⟨

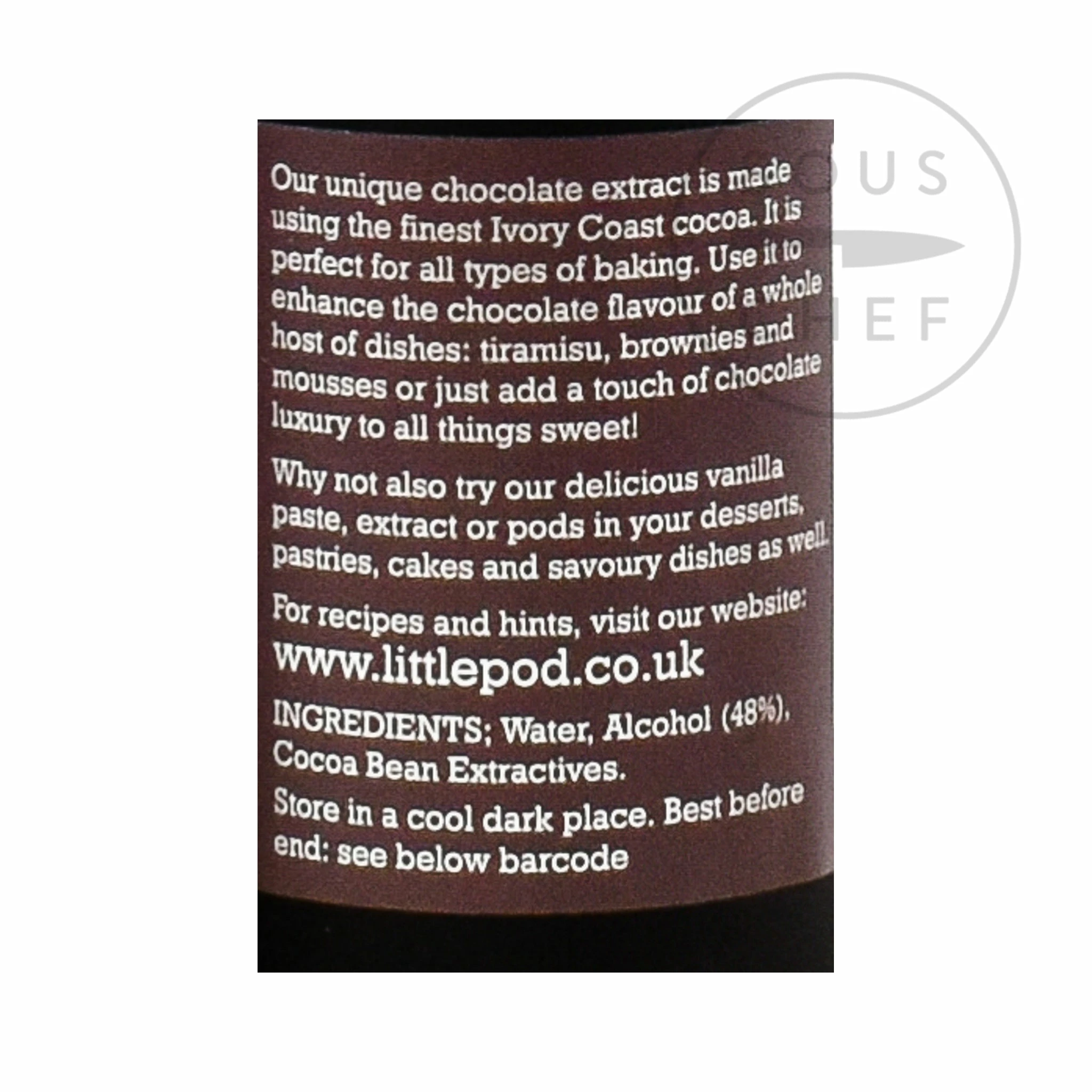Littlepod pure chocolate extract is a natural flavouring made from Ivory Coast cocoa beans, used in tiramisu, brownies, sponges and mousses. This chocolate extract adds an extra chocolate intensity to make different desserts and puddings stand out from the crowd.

⟩
⟨

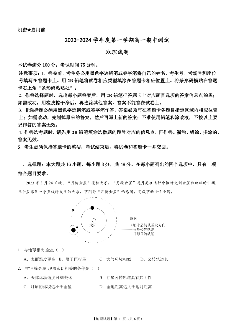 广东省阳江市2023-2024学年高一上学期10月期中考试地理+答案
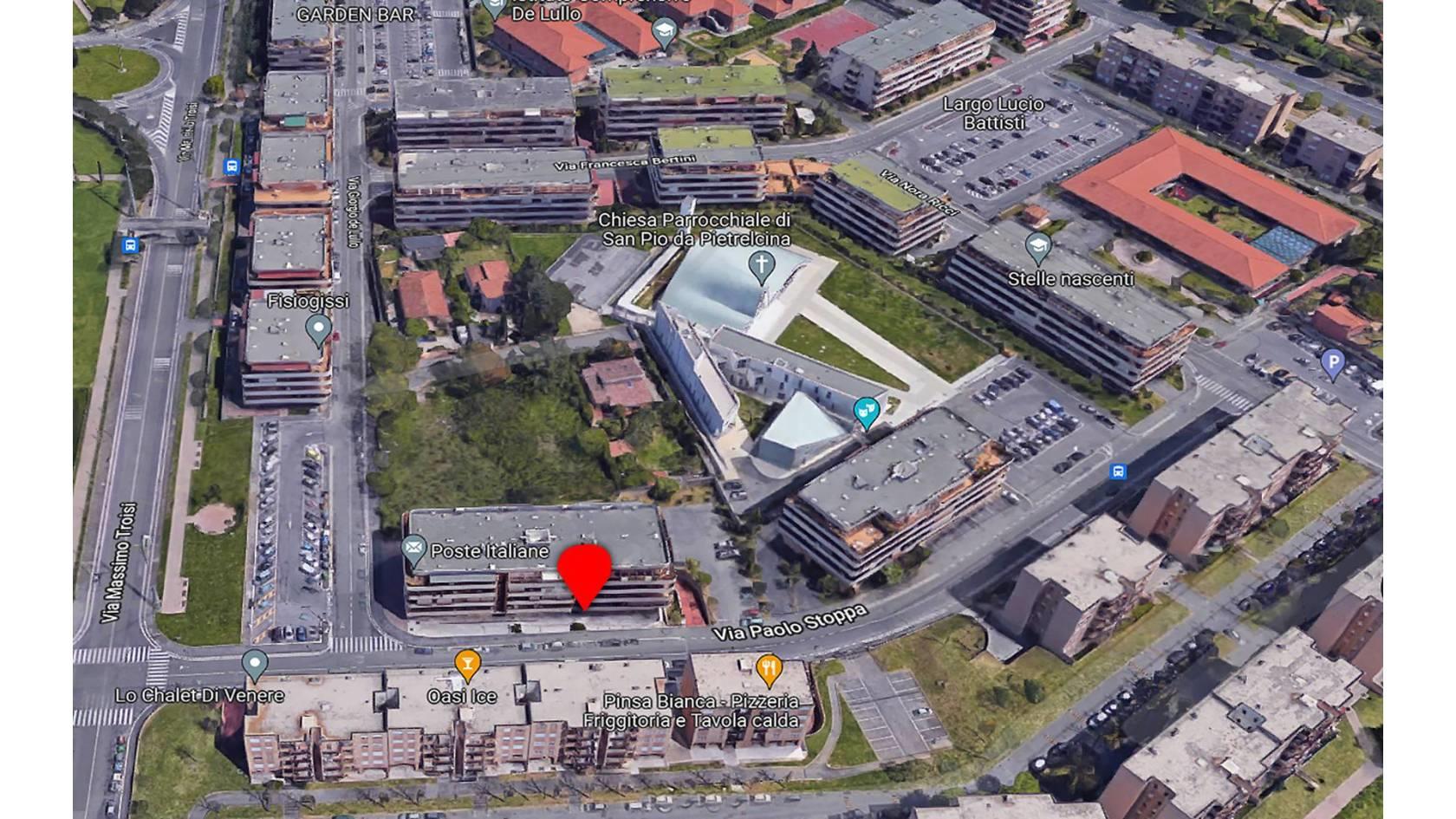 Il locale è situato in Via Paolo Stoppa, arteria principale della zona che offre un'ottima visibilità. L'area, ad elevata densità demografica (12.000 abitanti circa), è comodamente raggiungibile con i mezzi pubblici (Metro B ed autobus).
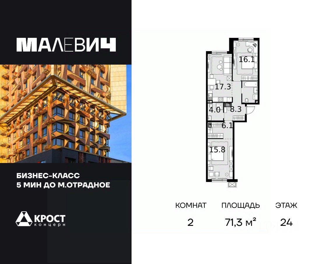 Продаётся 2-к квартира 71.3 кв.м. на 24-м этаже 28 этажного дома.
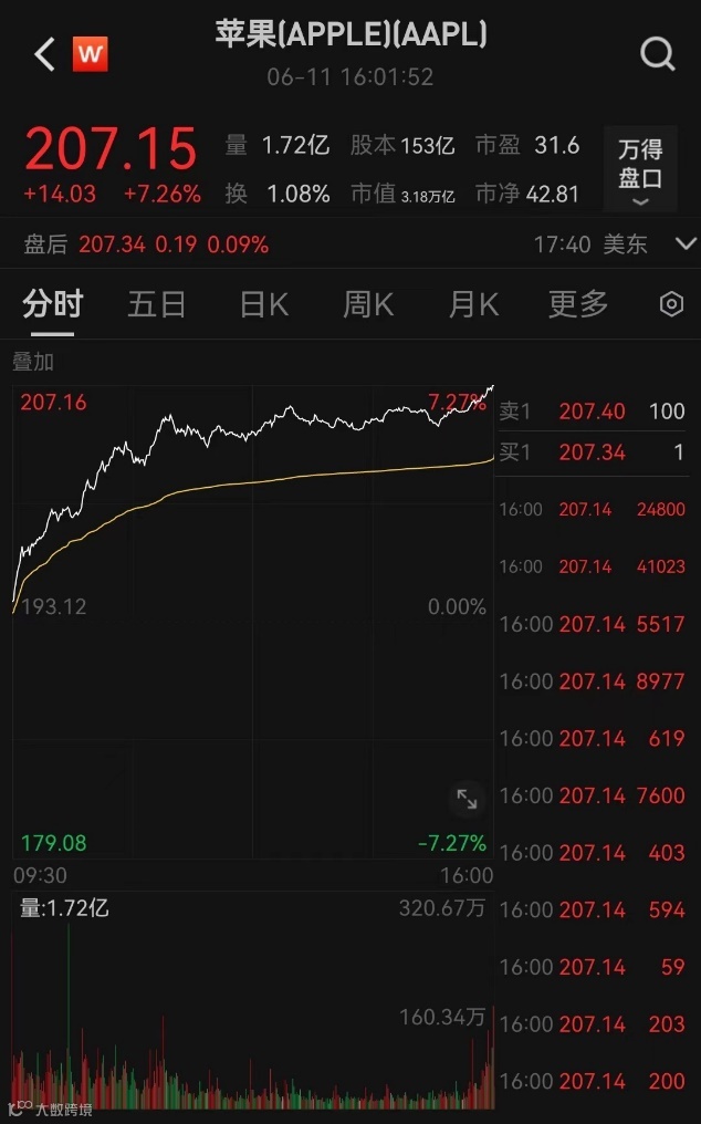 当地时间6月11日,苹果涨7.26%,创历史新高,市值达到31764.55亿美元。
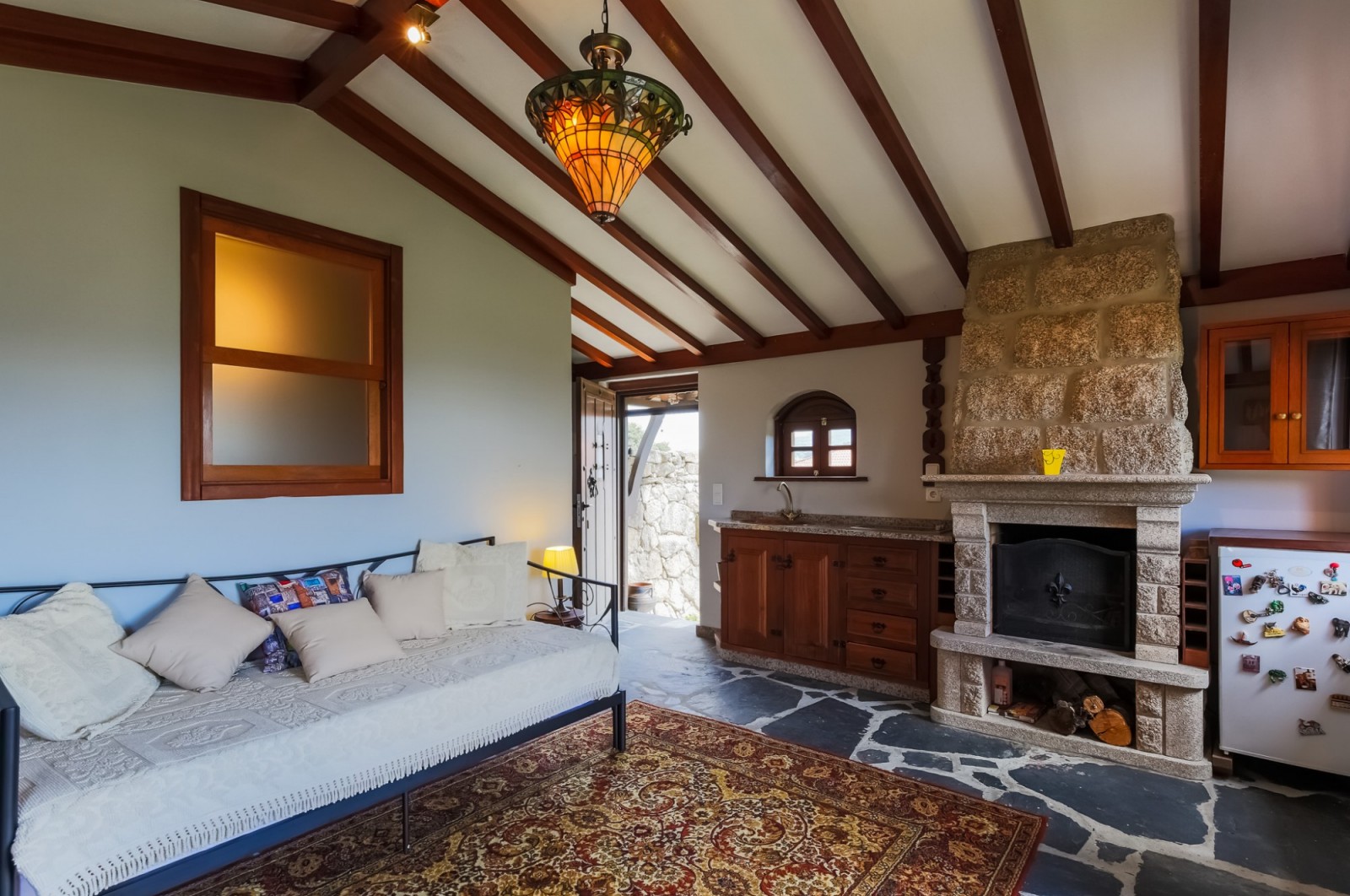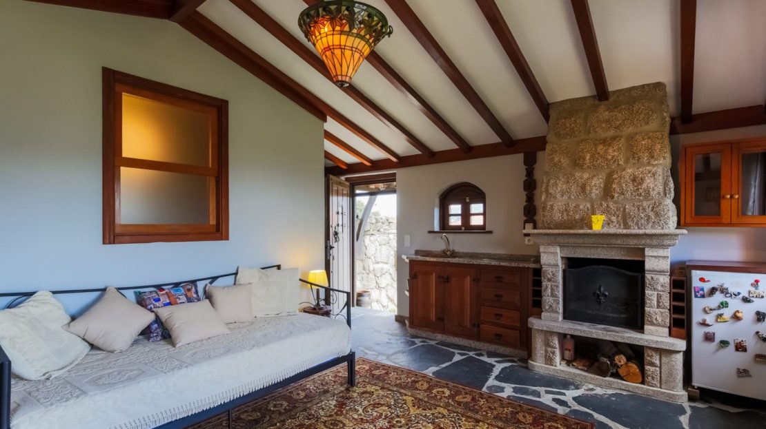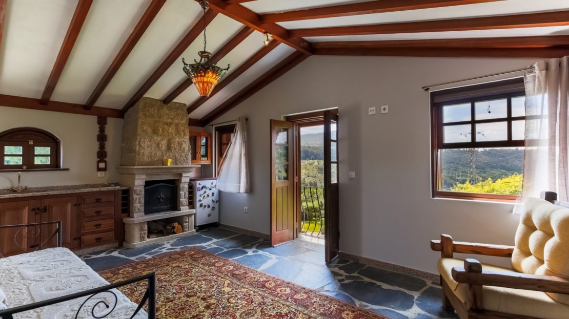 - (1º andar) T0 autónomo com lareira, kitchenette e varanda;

⟩
⟨

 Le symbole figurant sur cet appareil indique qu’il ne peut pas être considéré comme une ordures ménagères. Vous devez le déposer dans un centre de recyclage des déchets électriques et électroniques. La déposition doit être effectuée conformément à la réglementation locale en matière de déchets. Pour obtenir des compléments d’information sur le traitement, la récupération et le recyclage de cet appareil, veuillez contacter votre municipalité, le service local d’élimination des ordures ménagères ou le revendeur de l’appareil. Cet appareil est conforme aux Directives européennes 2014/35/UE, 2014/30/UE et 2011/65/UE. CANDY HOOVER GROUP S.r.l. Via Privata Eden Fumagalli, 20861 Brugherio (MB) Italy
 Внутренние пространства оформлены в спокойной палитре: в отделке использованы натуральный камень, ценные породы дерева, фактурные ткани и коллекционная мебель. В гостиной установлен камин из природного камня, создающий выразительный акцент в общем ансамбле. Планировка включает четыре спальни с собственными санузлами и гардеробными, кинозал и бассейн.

⟩

▸ EXERCISE DIRECTIONS:
Keep to the stretch from the line containing "广东省阳江市2023-2024学年高一上学期10月期中考试地理+答案" through the line containing "- (1º andar)", both ends included, and copy it exactly from the listing above, minus the pictures.

▸ RESULT FOR THIS TASK:
 广东省阳江市2023-2024学年高一上学期10月期中考试地理+答案
 Il locale è situato in Via Paolo Stoppa, arteria principale della zona che offre un'ottima visibilità. L'area, ad elevata densità demografica (12.000 abitanti circa), è comodamente raggiungibile con i mezzi pubblici (Metro B ed autobus).
 Продаётся 2-к квартира 71.3 кв.м. на 24-м этаже 28 этажного дома.
 当地时间6月11日,苹果涨7.26%,创历史新高,市值达到31764.55亿美元。
 - (1º andar) T0 autónomo com lareira, kitchenette e varanda;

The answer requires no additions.